• Action item: After finding the line containing "صهباحی ل قلعا مرنی گهنج کوم دکرن" below, please output that line and each following one through the line containing "ههبوونا نایدولوژیین دژی", exactly as written.

═════ Data extracts ═════

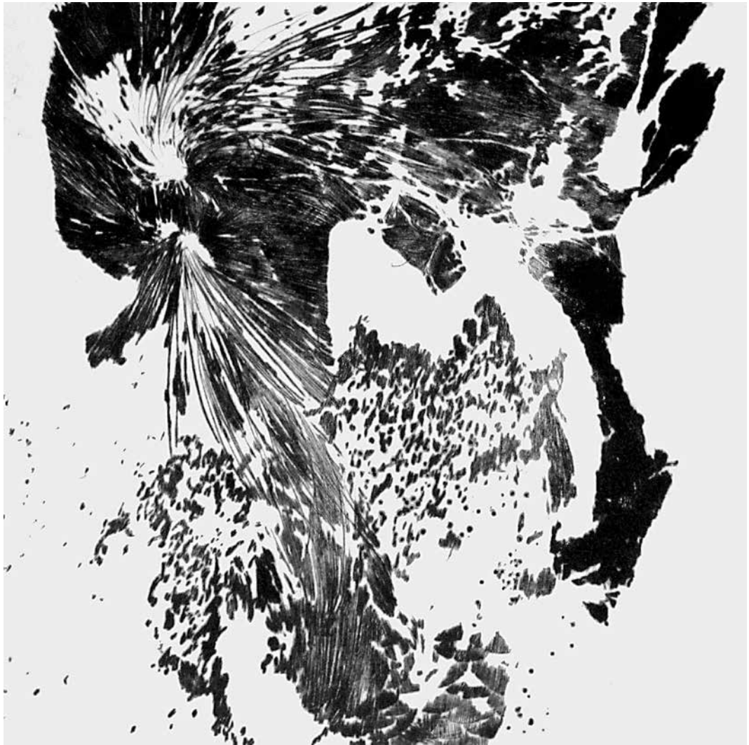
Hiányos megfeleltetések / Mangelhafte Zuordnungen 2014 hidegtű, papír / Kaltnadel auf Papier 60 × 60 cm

═════
═════ Data extracts ═════

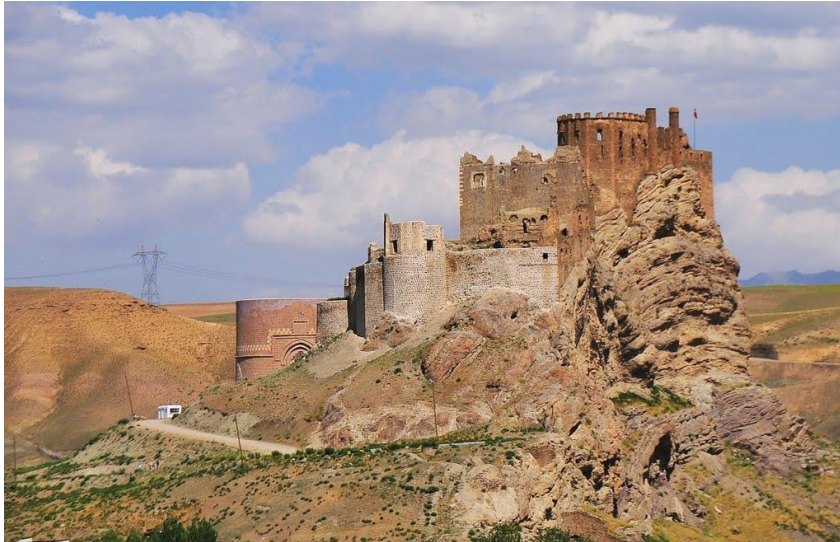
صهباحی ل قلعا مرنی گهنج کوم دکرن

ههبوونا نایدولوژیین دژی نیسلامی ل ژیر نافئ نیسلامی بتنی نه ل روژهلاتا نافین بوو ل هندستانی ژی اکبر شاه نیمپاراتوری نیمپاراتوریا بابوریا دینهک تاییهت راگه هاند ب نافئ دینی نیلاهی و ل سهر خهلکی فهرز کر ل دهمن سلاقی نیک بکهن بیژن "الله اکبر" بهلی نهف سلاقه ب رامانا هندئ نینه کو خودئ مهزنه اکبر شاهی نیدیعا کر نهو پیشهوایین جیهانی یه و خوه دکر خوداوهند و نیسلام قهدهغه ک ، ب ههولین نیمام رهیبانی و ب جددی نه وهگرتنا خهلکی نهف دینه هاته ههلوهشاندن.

═════

• Task response:
صهباحی ل قلعا مرنی گهنج کوم دکرن

ههبوونا نایدولوژیین دژی نیسلامی ل ژیر نافئ نیسلامی بتنی نه ل روژهلاتا نافین بوو ل هندستانی ژی اکبر شاه نیمپاراتوری نیمپاراتوریا بابوریا دینهک تاییهت راگه هاند ب نافئ دینی نیلاهی و ل سهر خهلکی فهرز کر ل دهمن سلاقی نیک بکهن بیژن "الله اکبر" بهلی نهف سلاقه ب رامانا هندئ نینه کو خودئ مهزنه اکبر شاهی نیدیعا کر نهو پیشهوایین جیهانی یه و خوه دکر خوداوهند و نیسلام قهدهغه ک ، ب ههولین نیمام رهیبانی و ب جددی نه وهگرتنا خهلکی نهف دینه هاته ههلوهشاندن.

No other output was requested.